A few things stand out heading into tonight. The cross-asset picture is still pretty important. Stocks closed under pressure, oil stayed elevated, Treasury yields pushed higher, and the dollar firmed. That combination matters because when oil, yields, and the dollar are all firm at the same time, it usually keeps pressure on risk assets. In that environment, equity longs need more than just a bounce. They need acceptance.
That is the main point for ES and NQ tonight.
I am not looking at this as “just sell it because it is weak.” The cleaner read is to see whether Asia or London gives ES/NQ an early bounce, and then whether that bounce can actually hold. If price pushes higher but fails to accept above key areas, that would fit the unresolved trap framework much better than simply expecting an immediate overnight breakdown.
NQ still looks like the higher-tension setup, with ES acting more like the confirmation layer. If NQ starts rejecting strength first and ES follows, that is a much cleaner signal than trying to force direction too early.
Crude is the other major piece tonight.
WTI is still in a bullish higher-time-frame structure, but after the expansion move, I do not think the best posture is to chase the middle of the move. The better desk read is to see whether crude can defend support or reclaim with strength.
The first important area I am watching is 92.50–92.25. If crude defends that zone, the bullish pullback thesis is still healthy. If that area fails, then 91.60–91.00 becomes the better value zone to watch. On the upside, a reclaim back through 93.25–93.75 would be important, with 94.50–95.00 still acting as the larger resistance area.
The reason crude matters so much tonight is that it is not just a chart setup. The broader supply backdrop is still sensitive, especially with Asia dealing with refinery stress, Iran/Hormuz risk, and elevated headline sensitivity. That does not mean crude has to go straight up, but it does mean it can stay volatile and whip sharply around support and reclaim zones.
So the desk read for tonight is pretty straightforward:
For ES/NQ, treat upside as suspect unless it can actually hold. The market is still showing tension without full release.
For crude, do not chase. Watch whether support gets defended first, or whether price gives a clean reclaim.
For dollar, yields, and oil, keep them together. If all three stay firm, that is the warning signal that any equity bounce may fail.

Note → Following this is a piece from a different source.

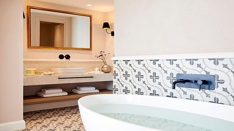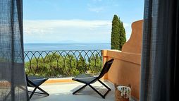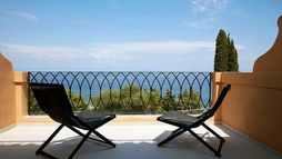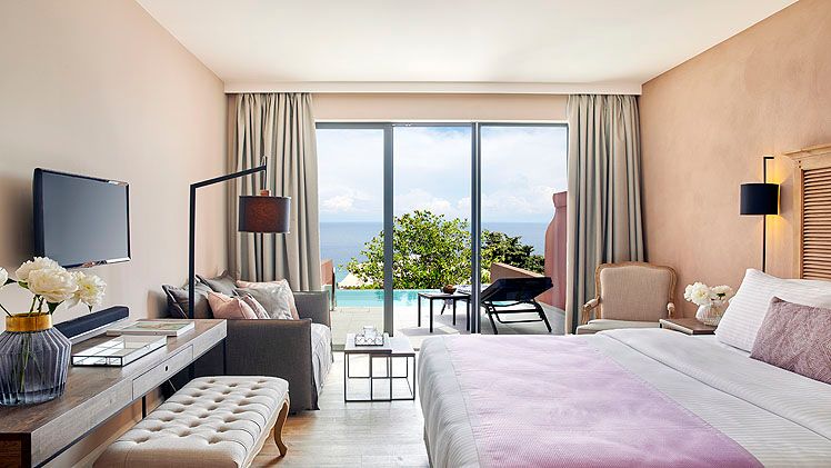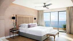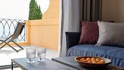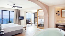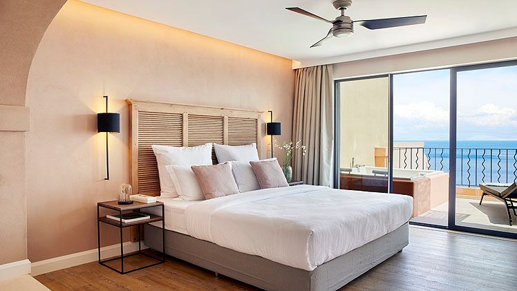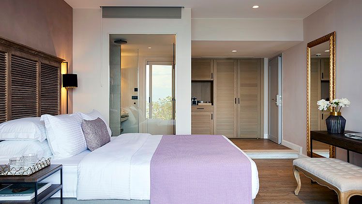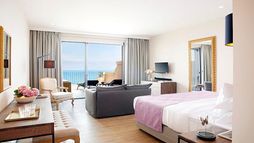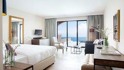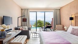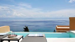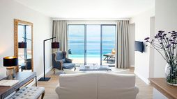 Guest suites are styled with contemporary interiors and designed to make the most of sea views, each offering a private veranda furnished for outdoor relaxation and many featuring their own private pool or whirlpool. Accommodation categories range from junior suites with sea views to expansive suites with separate lounge areas and generous outdoor terraces, all intended to deliver privacy and a comfortable adult-only stay. In-room dining is available, and suites are finished to reflect the hotel’s modern approach to seaside living.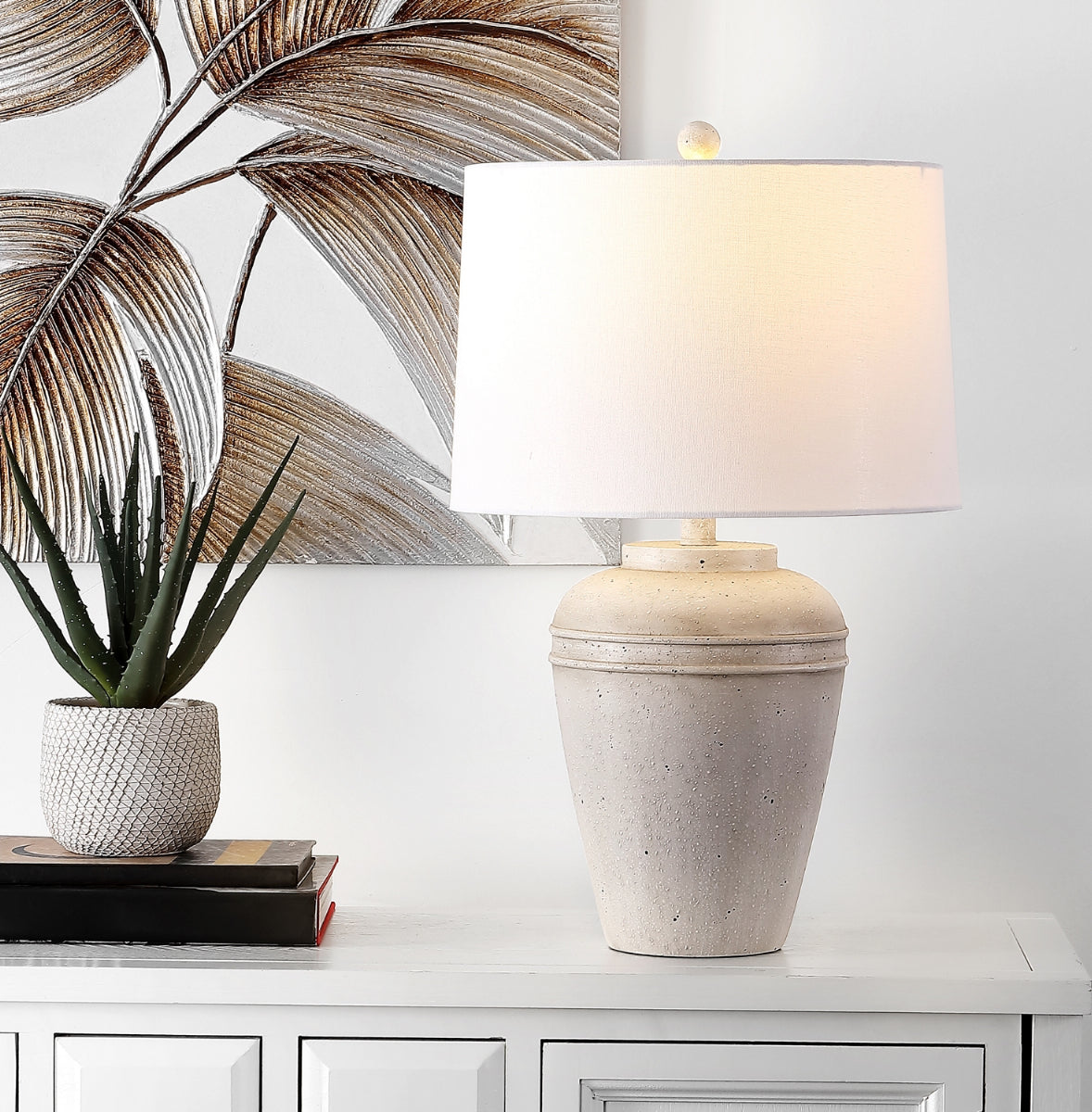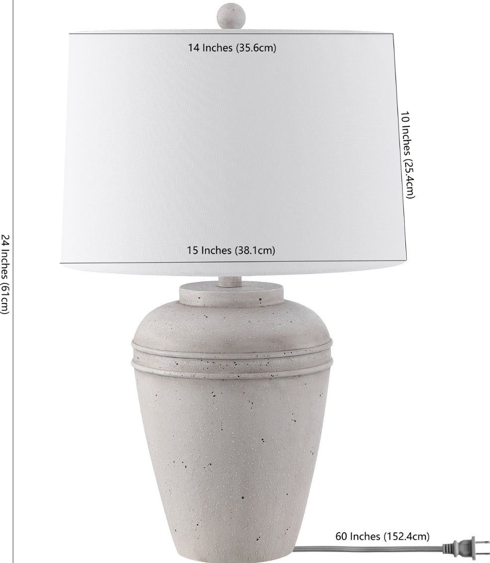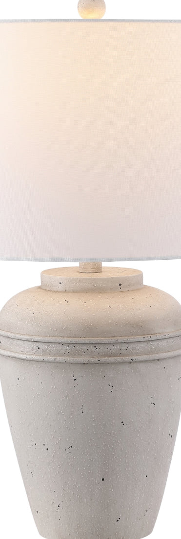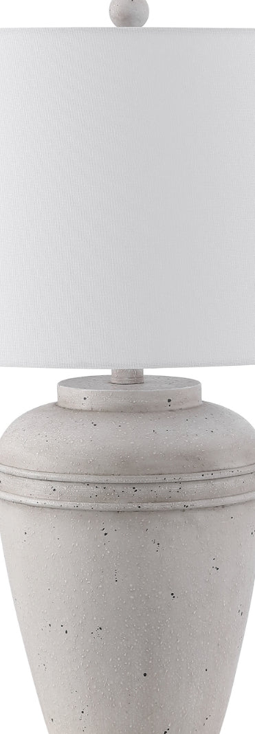 Styled after ancient earthenware vessels, this Demlin Table Lamp is at once classic and contemporary. An antique weathered finish over its grey poly-resin body provides an authentic vintage look, while a clean-lined drum shade makes Demlin a new modern masterpiece.

The two main things to mention, if he were sitting on desk tonight, were simple:
1. Does crude defend 92.50–92.25, or does it lose it?That tells us whether the bullish pullback thesis is still healthy.
2. Do ES/NQ get an early bounce that fails?That would fit the unresolved trap framework much better than an outright overnight collapse.
Also, keep an eye out for the NQ, ES, and Crude Oil Desk Maps I posted as well. Those maps lay out the key levels, trap zones, and framework areas I’ll be watching into Asia/London so the community can follow the same structure instead of reacting candle by candle.
So for tonight’s Asia/London session, I am less interested in chasing the first move and more interested in whether the market confirms or rejects the bounce.
If ES/NQ cannot hold early strength while crude, yields, and the dollar stay firm, that is where tonight could get exciting.